Using the matching data (match description)

  • match data types in addition to allowing portion prints the input string match outside matches other operations are also provided (as shown below, as well as part of the sub matching described below)

  • We will introduce more about smatch and ssub_match type in "four" in
  • match this class has two members:
    • prefix: Returns ssub_match previous object matches the current input sequence
    • suffix: Returns ssub_match after the object matches the current input sequence
  • ssub_match this object has two members:
    • str: Returns the matching string
    • length: the size of the string
  • Case presentation:
    • We call prefix, it returns a ssub_match object that represents the part before the file in the current match
    • We call ssub_match object's length (), to get the number of characters in the prefix portion
    • Next adjust pos, to point to the location of the end of the forward portion of the prefix 40 characters
      • If the length of the prefix portion is less than 40 characters, we will pos is set to 0, the prefix indicates the entire portion to be printed
    • Use substr () to print the contents of the specified position to the end of the prefix portion
    • After printing the character before the current match, we then use a special format print matching word itself, so that it can be displayed in the output
    • Before (last) 40 characters after promise after matching words, we print the file matches part
#include <iostream>
#include <string>
#include <regex>
#include <vector>
using namespace std;

int main()
{
    std::string pattern("[^c]ei");
    pattern = "[[:alpha:]]*" + pattern + "[[:alpha:]]*";

    std::regex r(pattern, regex::icase);
    std::string file = "reslut freind theif receive";

    //每次循环it返回一个smatch
    for (sregex_iterator it(file.begin(), file.end(), r), end_it; it != end_it; ++it)
    {
        auto pos = it->prefix().length();  //前缀的大小
        pos = pos > 40 ? pos - 40 : 0;     //我们想要最多40个字符
        std::cout << it->prefix().str().substr(pos) << "\n";       //前缀的最后一部分
        std::cout << "\t\t>>>" << it->str() << " <<<\n";           //匹配的单词
        std::cout << it->suffix().str().substr(0, 40) << std::endl;//后缀的第一部分
        std::cout << "****************************" << std::endl;
    }
    return 0;
}

The use of sub-expressions

  • Regular expression patterns typically comprise one or more sub-expressions . A sub-expression is part of the pattern, itself has a meaning.
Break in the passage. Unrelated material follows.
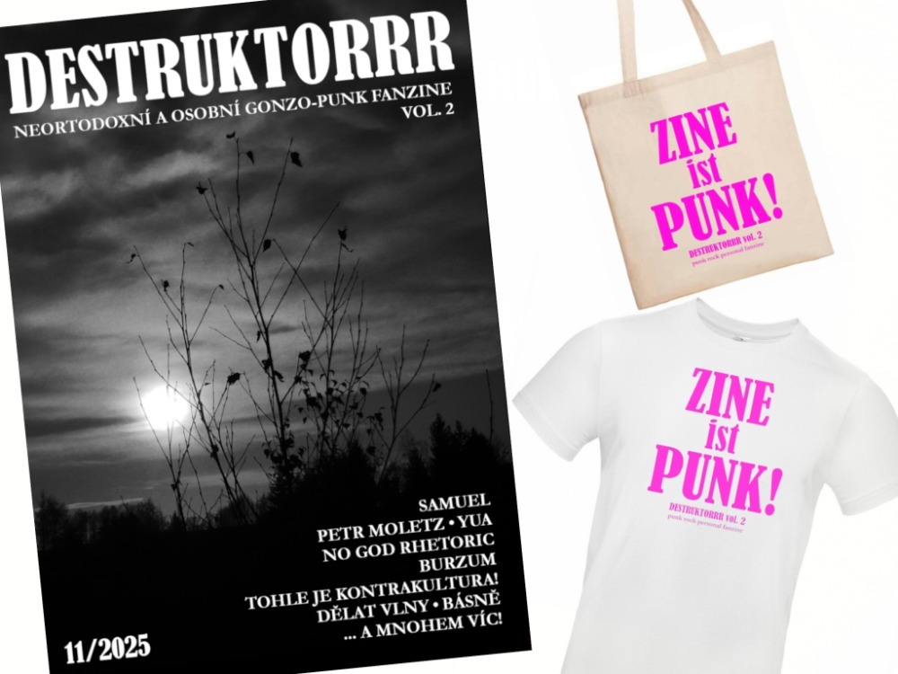 "Hodnejch fanzinů už bylo myslim dost!" Vychází DESTRUKTORRR fanzine VOLUME 2!!! Ve fanzinu najdete: Rozhovor s Petrem Moletzem - šéfikem UG molochu Telepatie, rozhovor s novou dark hardcore kapelou Yua z Jihlavy, dále pak interview s brněnskými grindery No God Rhetoric, a rozhovorem čísla je pak obsáhlé povídání s Honzou Samuelem Kloučkem (fanzin Kill Your Dreams, label Samuel records, zpěvák ex-Lahar) o životě, názorech a HC/punku! Dále zine obsahuje: Šokující článek o BM fenoménu Burzum, kterýho se spousta punkerů bojí jak čert kříže a podle mě není proč, dlouhou stať s názvem Tohle je kontrakultura!, která pojednává o zinech, zinařství i další hudební fan literatuře, a článek Dělat vlny je o názorech a o nakládání s nimi! Přidej výběr 10-ti básní autora zinu s úvodem proč básně píše, a máš to z Polné doma - ale je toho tu víc! :) Destruktorrr 2 je osobním autorským gonzo-punk zinem Mičla (fanzin Útok z jámy, kazetový label Hardcore Loves All Colors records, frontman ex-Průmyslová smrt), který prožil posledních 25 let jako aktivní muzikant v undergroundu a nahlíží na svět i na scénu specifickou optikou. S nadšením sobě vlastním i s kritickým okem zároveň diskutuje s osobnostmi v rozhovorech mnohdy na velice netradiční témata, nebojí se vytáhnout kontroverzní věci, na rovinu jde s kůží na trh s vlastním názorem na scénu, lidi, ziny, události - a některé články budou pro Tebe naprostým šokem! Ale ŠOK - to je přece PUNK, nebo ne? :) K zinu vychází i mini-edice merchandise! Trika a plátěné tašky s růžovým heslem ZINE ist PUNK!, kterých bylo vytištěno jen po pár kouscích! D2 vychází jako kniha/paperback - 150 stran s krásnou přehlednou knižní sazbou s větším písmem, aby se tentokrát lépe četlo i bez brýlí! :) Náklad zinu je 200 kusů! Objednávej na: mipunk(dot)seznam.cz.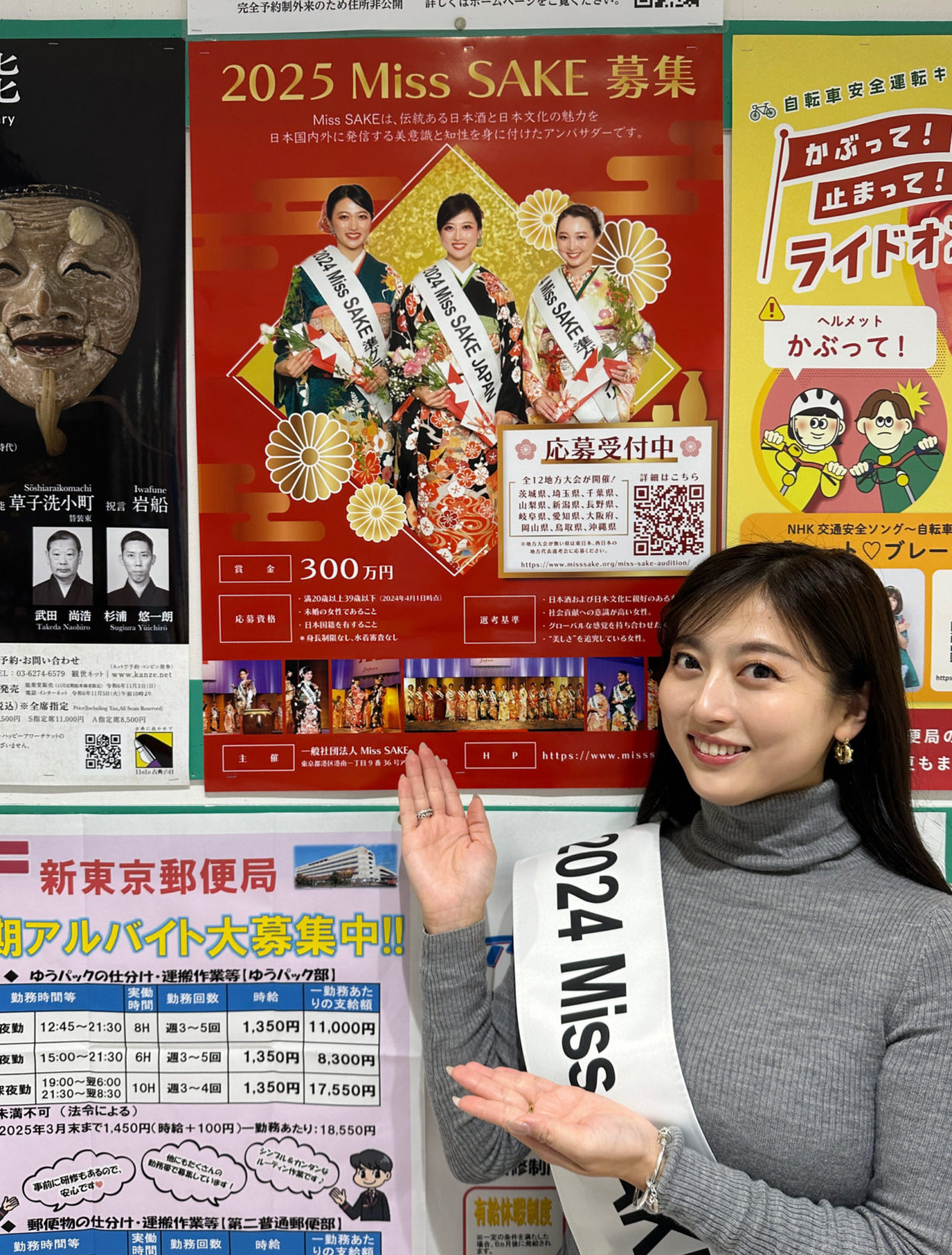 皆様にお知らせがございます。現在2025 Miss SAKE 募集に伴い2024年12月2日からの14日間、募集のポスターが全国5ヶ所の郵便局で掲示されております。

Regular expression syntax is usually brackets indicate sub-expressions with
  • For example, the following string is to have two sub-expressions:
    • ([[: alnum:]] +): matches one or more sequences of characters
    • (cpp | cxx | cc): matching file extension
std::regex r("([[:alnum:]])+\\.(cpp|cxx|cc)$", regex::icase);
  • We can rewrite the above program, by modifying the output statement so that it prints only the file name. E.g:
std::regex r("([[:alnum:]])+\\.(cpp|cxx|cc)$", regex::icase);
std::cmatch results;
if (regex_search("myfile.cc", results, r))
    std::cout << results.str(1) << std::endl; //打印第二个子表达式

str match class () function

  • Str related classes match () function is used to return a portion subexpression matches
  • str (0) returns the entire matched portion; str (1) returns to the first sub-expression; str (2) ...... and so returned to the second subexpression
  • For example: If the file name has two sub-expression is foo.cpp, then:
    • str (0): Back foo.cpp
    • str (1): return foo (here subexpression)
    • str (2): Returns the cpp (here subexpression)
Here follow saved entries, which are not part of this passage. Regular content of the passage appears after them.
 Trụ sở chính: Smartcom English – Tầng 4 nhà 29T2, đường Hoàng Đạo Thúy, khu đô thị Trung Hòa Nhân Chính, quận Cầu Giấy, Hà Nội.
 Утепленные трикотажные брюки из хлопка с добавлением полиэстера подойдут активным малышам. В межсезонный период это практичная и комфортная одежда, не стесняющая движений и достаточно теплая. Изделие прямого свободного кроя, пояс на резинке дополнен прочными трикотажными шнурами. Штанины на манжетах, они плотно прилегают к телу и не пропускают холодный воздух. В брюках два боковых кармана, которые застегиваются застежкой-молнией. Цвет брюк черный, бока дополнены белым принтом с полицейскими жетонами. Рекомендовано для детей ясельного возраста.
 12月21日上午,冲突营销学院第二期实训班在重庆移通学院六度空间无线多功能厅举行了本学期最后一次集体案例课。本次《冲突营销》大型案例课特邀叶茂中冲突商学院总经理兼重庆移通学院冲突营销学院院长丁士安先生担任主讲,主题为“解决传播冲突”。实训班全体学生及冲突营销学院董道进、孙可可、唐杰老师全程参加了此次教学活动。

For data verification subexpression

  • A common use of sub-expressions are verify data must match specific format
  • For example, the United States has a ten-digit telephone number, include a local area code and a seven-digit number of
    • Area code usually placed in brackets, but this is not necessary
    • The remaining seven digits may be a dash, a point, or separated by a space, but may not completely full delimiter
  • We want to reject phone format other formats accept the above format. We divided into two steps to achieve this goal:
    • First, we will use a regular expression is a sequence might find phone numbers
    • Then call a function to do data validation
  • Before coding, first tell us about some of the features ECMAScript regular expression language:

  • Since the backslash \ is C ++ special characters, so the mode each occurrence \ place, must use an extra backslash to represent a backslash, ultimately requires two backslash
  • In order to verify the phone number, we need an integral part of access patterns. In order to obtain the matching part, we use sub-expressions needed in the definition of regular expressions. Each sub-expression is surrounded by a pair of parentheses:
//整个正则表达式包含7个子表达式,格式例如:( ddd )分隔符ddd分隔符dddd
//子表达式1、3、4、6是可选部分,2、5、7保存号码
std::string phone = "(\\()?(\\d{3})(\\))?([-. ])?(\\d{3})([-. ]?)(\\d{4})";
  • Regular expression is more complex, explained as follows:
    • (\\ ()? Represents part of the area code optional left parenthesis
    • (\\ d {3} represents a code
    • (\\))? Represents part of the area code optional closing parenthesis
    • ([-])? Represents an optional part of the area code delimiters
    • (\\ d {3}) represents a three-digit number
    • ([-])? Is the optional delimiter
    • (\\ d {4}) represents the last four digits of the number
  • The following code reads a file, and calls the function named valid number format to check the legality of:
bool valid(const smatch& m)
{
    //检测号码是否合法,代码在文章下面介绍
}

int main()
{
    std::string phone = "(\\()?(\\d{3})(\\))?([-. ])?(\\d{3})([-. ]?)(\\d{4})";
    std::regex r(phone);  //正则表达式类
    std::string s;        //保存输入的号码

    //输入电话号码
    while (getline(std::cin, s))
    {
        //每次循环it返回一个smatch,代表在正则表达式中匹配的部分
        for (sregex_iterator it(s.begin(), s.end(), r), end_it; it != end_it; ++it) {
            //迭代器每次返回smatch类型
            if (valid(*it))
                std::cout << "valid: " << it->str() << std::endl;
            else
                std::cout << "not valid: " << it->str() << std::endl;
        }
    }
    return 0;
}

Using the sub-matching operation (sub_match)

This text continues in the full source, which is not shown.